MCMC with Scala Breeze

Bivariate Gaussian Model

Scala Breeze is a numerical computing library, which also provides facilities for statistical computing. For instance, implementations of distributions and Markov Chain Monte Carlo for, typically used for Bayesian inference of intractable models. Today I am going to build a simple bivariate Gaussian model, simulate some realisations from the model and use the Breeze library to recover the mean of the bivariate Gaussian distribution and the variance.

The model can be written as

\[ \begin{pmatrix}X_1 \\ X_2\end{pmatrix} \sim \textrm{MVN} \begin{pmatrix} \begin{pmatrix}\mu_1 \\ \mu_2 \end{pmatrix}, \begin{pmatrix} \sigma & 0 \\ 0 & \sigma \end{pmatrix} \end{pmatrix} \]

The model has three parameters, the mean of each variable and the variance which is shared. \(X_1\) and \(X_2\) are independent and hence can be simulated from separate univariate Gaussian distributions:

import breeze.stats.distributions._
import breeze.linalg._

case class Parameters(mu: DenseVector[Double], sigma: Double)

def model(params: Parameters) = 
  MultivariateGaussian(params.mu, diag(DenseVector.fill(2)(params.sigma)))

A simulation from the bivariate Gaussian model is plotted below, the mean for x is 2.0, the mean for y is 3.0 and the variance for each dimension is 0.5.
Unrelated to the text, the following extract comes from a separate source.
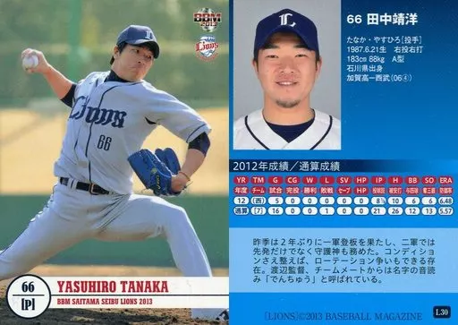 BBM / Regular / BBM2013 Saitama Seibu Lions L30 [Regular] : Yasuhiro Tanaka
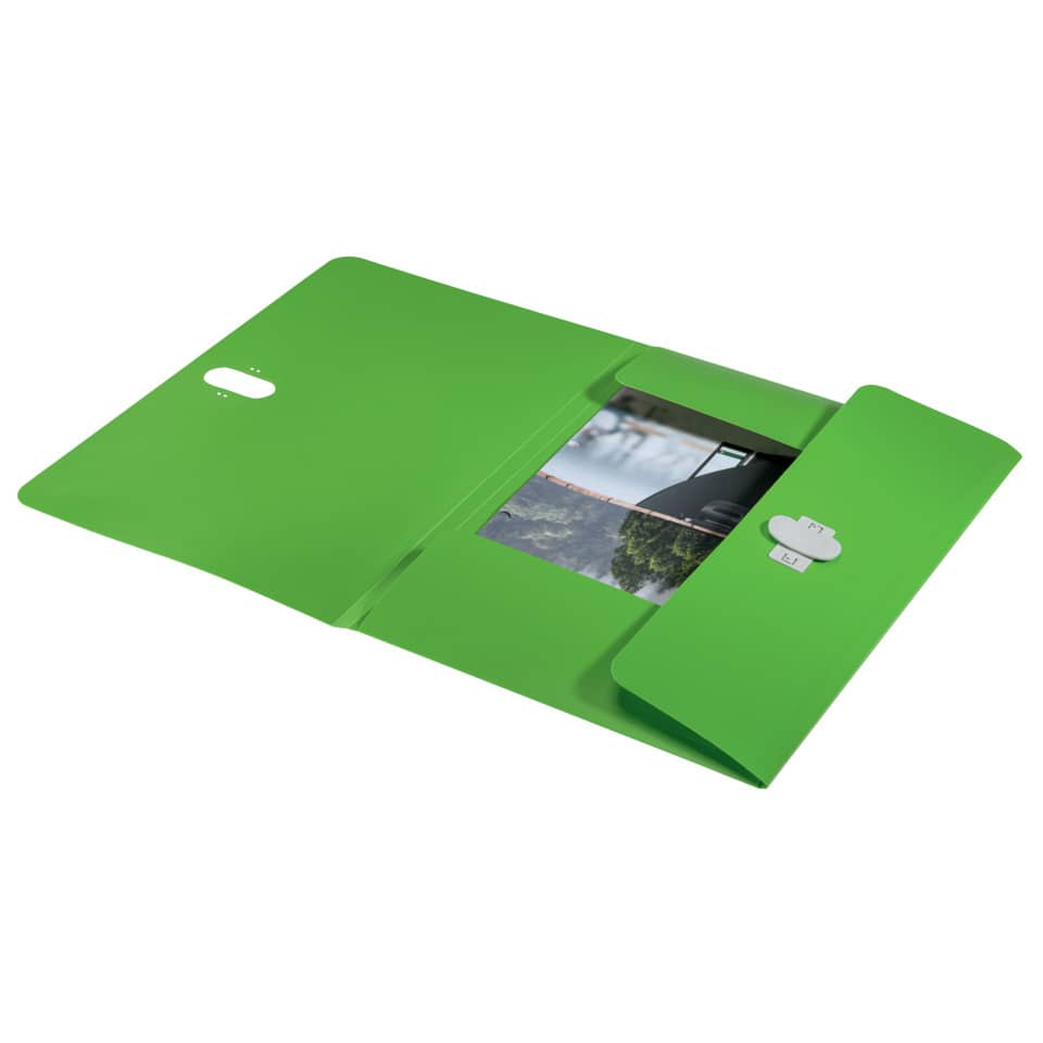 Leitz Dokumentenmappe Recycle. Hergestellt aus 80% recyceltem Kunststoff, 100% recycelbar. Leicht, langlebig und wiederverwendbar. Blickdicht. Mit recycelbarem Sicherheitsverschluss. Mit 3 Klappen am Rückdeckel innen. Kein Verpackungsabfall, Kennzeichnung nur mittels Etikett. Material: 80% recyceltes Polypropylen (PP) 0,25 mm. Kapazität: bis zu 150 Blatt DIN A4 (80 g/qm). Format: für DIN A4, 235 x 313 mm. Farbe: grün.

val p = Parameters(DenseVector(2.0, 3.0), 0.5)
val data = model(p).sample(100)

It is simple to write a function to calculate the log-likelihood of this model:

def likelihood(points: Seq[DenseVector[Double]])(p: Parameters) =
    points.map { point => 
      MultivariateGaussian(p.mu, diag(DenseVector.fill(2)(p.sigma))).logPdf(point)
    }.reduce((x, y) => x + y)

We take a sequence of observations, called points, since we know each point is simulated independently from the same distribution, then we simple map over the sequence of points the likelihood using the supplied value of the Parameters. The reduce operation then applies a pairwise function to each element of the list, in this case addition to get the value of the log-likelihood.

For a full Bayesian Inference, we must specify a prior distribution on the parameters, let’s choose a Multivariate Gaussian Distribution on the mean and a Gaussian distribution on the precision (the inverse of the variance). The Gamma distribution in Breeze is parameterised in terms of shape and scale, the mean of the Gamma distribution with shape 1/2 and scale 2 is \(1 = 1/\sigma\):

def prior(p: Parameters) = {
  MultivariateGaussian(DenseVector(2.0, 3.0), diag(DenseVector.fill(2)(3.0))).logPdf(p.mu) +
    Gamma(shape = 0.5, scale = 2.0).logPdf(1/p.sigma)
}

The likelihood and the prior must be combined in order to determine the posterior:

\[ p(\theta | x) \propto p(x | \theta) p(\theta) \]

def logMeasure = (p: Parameters) => likelihood(data)(p) + prior(p)

The MCMC method we will be using is the Metropolis-Hastings algorithm with a symmetric random walk proposal. First, we propose a new value of the parameters, \(\theta^*\) from the parameter proposal distribution, then we accept them with probability \(\min(1, A)\), where \(A\) is:

\[A = \frac{p(x|\theta^*)p(\theta^*)}{p(x|\theta)p(\theta)}\]

So if the likelihood multiplied by the prior is larger at the proposed value of the parameters than the previous value, we always accept, otherwise, we may reject. In this way, we can explore the parameter space. In a well tuned sampler, the algorithm will not accept every proposed value of the parameters, otherwise we are NOT exploring the whole of the parameter posterior, just areas of high posterior density. In this case we can increase the variance of the proposal distribution to get the acceptance rate down to approximately 30-40%. The proposal function is:

import breeze.numerics.exp

def propose(scale: Double)(p: Parameters) = 
  for {
    innov <- MultivariateGaussian(DenseVector.fill(3)(0.0), diag(DenseVector.fill(3)(scale)))
    mu = p.mu + innov(0 to 1)
    sigma = p.sigma * exp(innov(2))
  } yield Parameters(mu, sigma)

Here, the value of sigma is proposed on the log-scale, since sigma is expected to be positive. Now, we have all we need to build the sampler using breeze:

MarkovChain.metropolis(p, propose(0.05))(logMeasure)

The full code required to run the MCMC in Breeze can be found in this gist. Note that Breeze is a required dependency.